WORK TO COMPLETE
What you return must be the data below, word for word, without any images.

DATA BLOCK
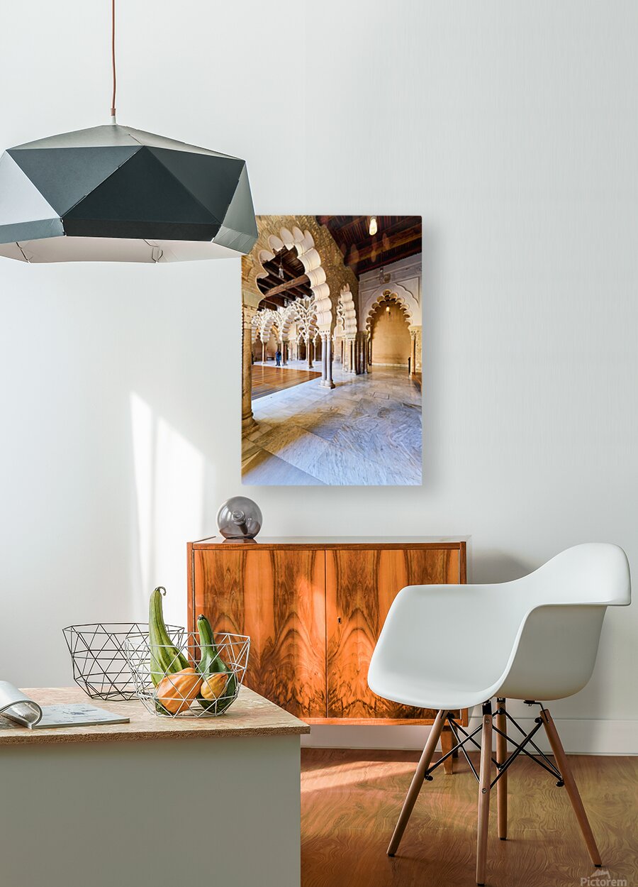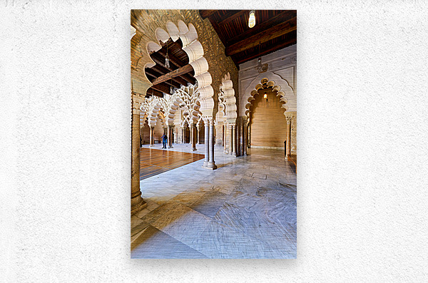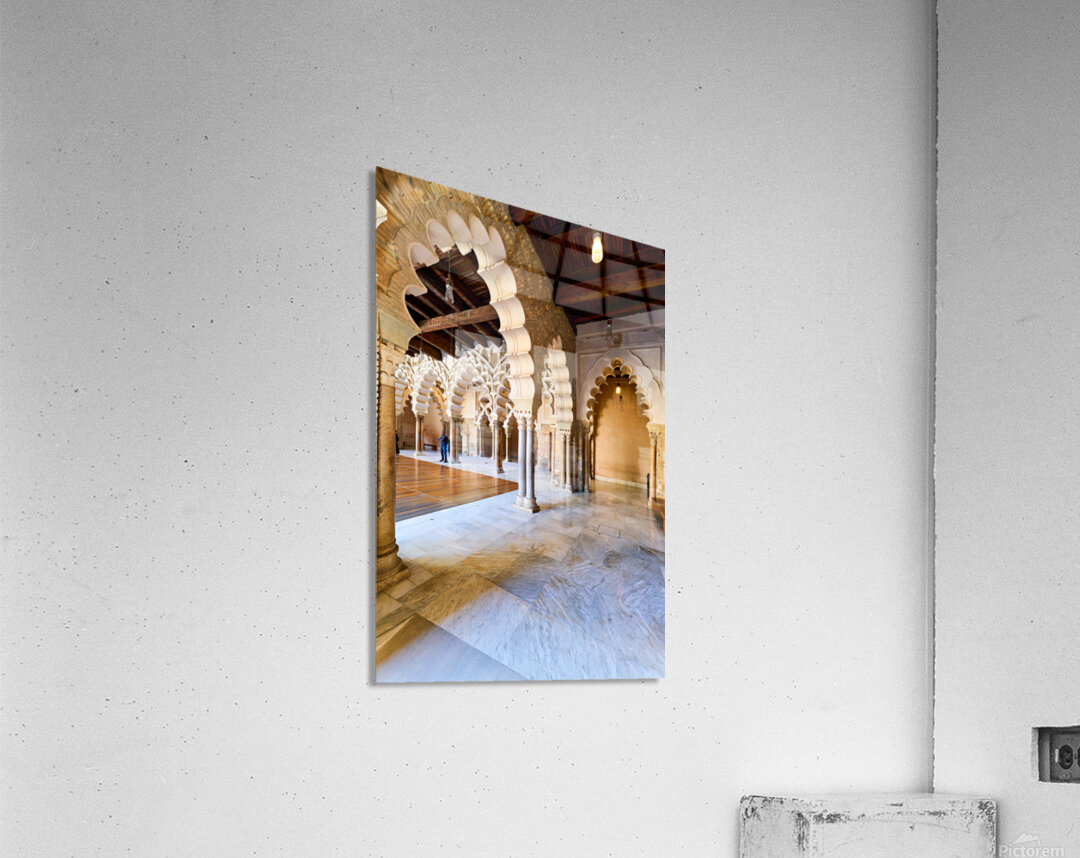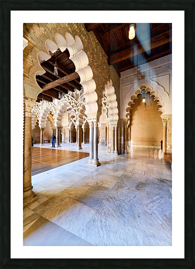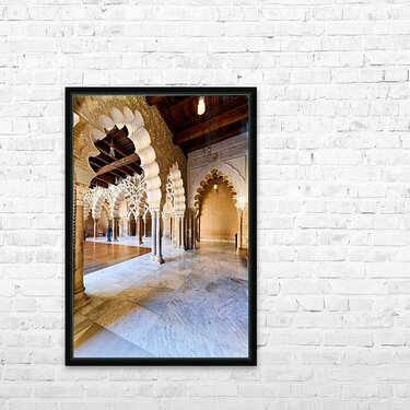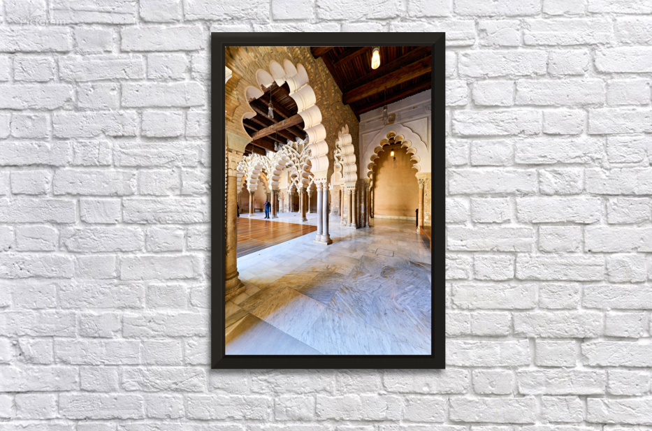 "Explore Aljafería Palaces stunning architecture" in a framed print.
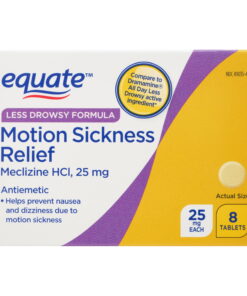 - 25mg of Meclizine HCI in each tablet, 8 ct. per package.
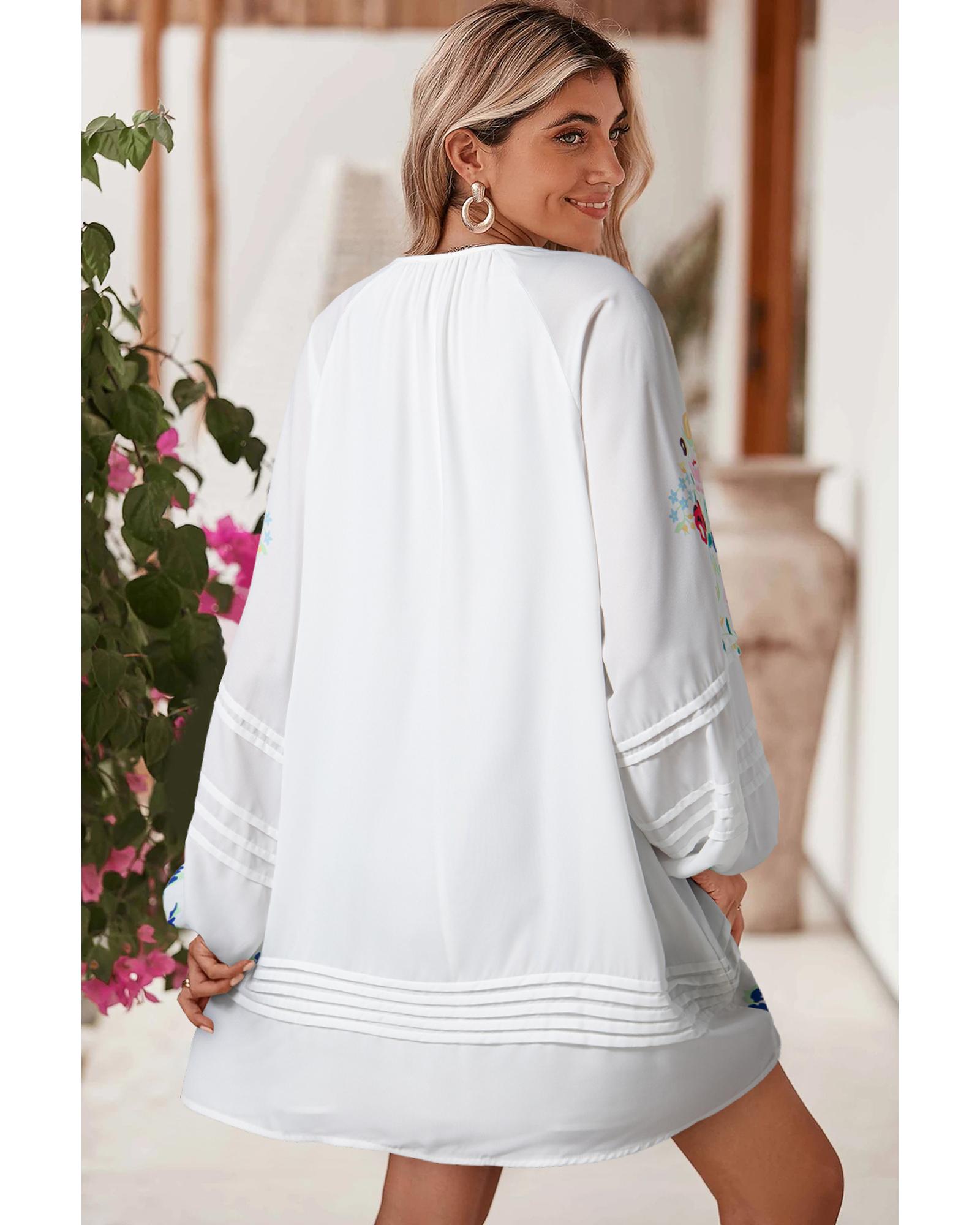 White Floral Print Boho Tassel Tie Split Neck Tucking Detail Puff Sleeve Mini Dress – XL

EXERCISE RESULT
 "Explore Aljafería Palaces stunning architecture" in a framed print.
 - 25mg of Meclizine HCI in each tablet, 8 ct. per package.
 White Floral Print Boho Tassel Tie Split Neck Tucking Detail Puff Sleeve Mini Dress – XL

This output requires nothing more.